During these weeks of train meditations, the whole house falls sick, all of us knocked out for days at a time. The baby gets her first fever, and I am up through the night, breastfeeding her as she lays beside me. Tend her, tend her, tend her.
In the morning, I scroll through the news on my phone while my son is across the room. There is a video of a mother holding the corpse of her child, a weeping father who has lost all his children. There is discourse in the comment section as to why this is justified. Meanwhile, my son is back at the train again, praying tender, tender, tender. May we be so. May we be.
The village is quiet in the dense dusk1, and we decide to fill it with some joyful noise. One evening, we invite friends over to go caroling, pour hot cocoa into thermoses and string Christmas lights on the stroller. We knock and wait as our neighbors hesitate to open up their doors in the dark, then we erupt into familiar tunes. It is somewhat strange and awkward, staring into the eyes of the people who live on my street while singing Frosty the Snowman, but there is laughter and vulnerability, and even a little dancing.
This morning, my son woke me earlier than I wanted, and I entered the kitchen grumpy. He asked what his dad should make me for breakfast before I could sip my morning cup of coffee, and I responded with agitation: I can take care of my own breakfast. I wandered to the bathroom to find my glasses, and he followed me and asked again, what do you want for breakfast? You don’t have to take care of yourself. Daddy and I can take care of you.
Tender.
All of this mothering business, indeed the best word I have had for it since the moment my oldest came home, is tender. Those first few weeks when we stayed nestled on the couch, a book in my hand and him constantly at my breast. Time keeps moving and I feel the mild ache heighten each year.
Of course, it isn’t just the act of mothering that produces this gentleness; the delicate nature of being alive is a constant invitation–or maybe command–to be soft, to feel. Not just our own pain and joy, but the pain and joy of others.

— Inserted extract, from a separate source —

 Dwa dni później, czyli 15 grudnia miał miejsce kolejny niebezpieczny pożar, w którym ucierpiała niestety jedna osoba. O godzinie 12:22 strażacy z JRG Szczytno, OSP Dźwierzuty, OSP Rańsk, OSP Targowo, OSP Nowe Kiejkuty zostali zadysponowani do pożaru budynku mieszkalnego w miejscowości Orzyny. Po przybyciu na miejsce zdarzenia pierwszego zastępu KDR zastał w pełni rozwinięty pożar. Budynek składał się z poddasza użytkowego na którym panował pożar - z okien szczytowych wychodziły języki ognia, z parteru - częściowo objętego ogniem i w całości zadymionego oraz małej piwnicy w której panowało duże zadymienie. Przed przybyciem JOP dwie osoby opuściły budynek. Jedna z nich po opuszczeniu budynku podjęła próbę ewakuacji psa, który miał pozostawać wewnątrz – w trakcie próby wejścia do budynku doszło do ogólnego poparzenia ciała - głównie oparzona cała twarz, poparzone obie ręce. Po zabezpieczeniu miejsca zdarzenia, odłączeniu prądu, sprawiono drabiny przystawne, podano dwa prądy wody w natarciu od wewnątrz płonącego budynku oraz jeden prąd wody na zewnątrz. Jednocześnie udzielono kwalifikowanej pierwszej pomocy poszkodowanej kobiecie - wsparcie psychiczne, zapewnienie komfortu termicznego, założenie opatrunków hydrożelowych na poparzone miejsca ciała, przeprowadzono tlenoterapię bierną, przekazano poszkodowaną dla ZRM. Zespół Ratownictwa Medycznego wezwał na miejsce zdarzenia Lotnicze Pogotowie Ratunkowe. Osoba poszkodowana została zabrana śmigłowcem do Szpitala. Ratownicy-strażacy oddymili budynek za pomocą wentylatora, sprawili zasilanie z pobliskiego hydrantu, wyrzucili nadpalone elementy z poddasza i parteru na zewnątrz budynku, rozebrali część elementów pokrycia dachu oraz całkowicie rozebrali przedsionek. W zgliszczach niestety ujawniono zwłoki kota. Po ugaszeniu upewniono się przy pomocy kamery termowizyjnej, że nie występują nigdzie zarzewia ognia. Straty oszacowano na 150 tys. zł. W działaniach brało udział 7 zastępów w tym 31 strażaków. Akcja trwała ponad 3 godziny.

The battery-powered train stopped working a few days ago; it did not just run out of battery, but some hidden mechanism I do not understand caused it to stop entirely. My son tucked the engine up on the counter, told me to take it to Papa; he’ll know what to do.
Even without the chugging reminder to stay soft, I am feeling it especially this season, that feeling of being tender. As the winter solstice and holidays loom, I am doing my best to not be swept away. To allow this season to be about calling in compassion instead of ignoring the calls for it. We must remain (say it with me now)
tender.
Swim Club
I will keep this thread updated with swim club details. Tomorrow morning we will meet at 9am in Glen Haven to dip. Wear a swimsuit and booties or wool socks if you have them; bring a warm drink, a towel or two, and a warm coat or robe to slip into.
As mentioned in this essay, I am doing my best to stay aware of what is happening outside my door, what pain is being inflicted with our tax dollars. I know it feels difficult to continue talking about the genocide in Palestine, but I think this difficulty is the least we can manage. I encourage you to continue contacting your representatives to demand they call for a ceasefire. I will be calling again tomorrow. Our words have power, even when it feels like no one is listening. We must keep making noise in the dense dusk.
Tenderly,
Mae
I borrowed this phrase, dense dusk, from John Updike’s poem “December,” from his book “A Child’s Calendar,” which we checked out from our library this week. He writes in one stanza: The carols peal. / The dusk is dense. / There is a mood / of sweet suspense.
This was a lovely entry, Mae, and a great and timely reminder. Thank you for sharing your heart!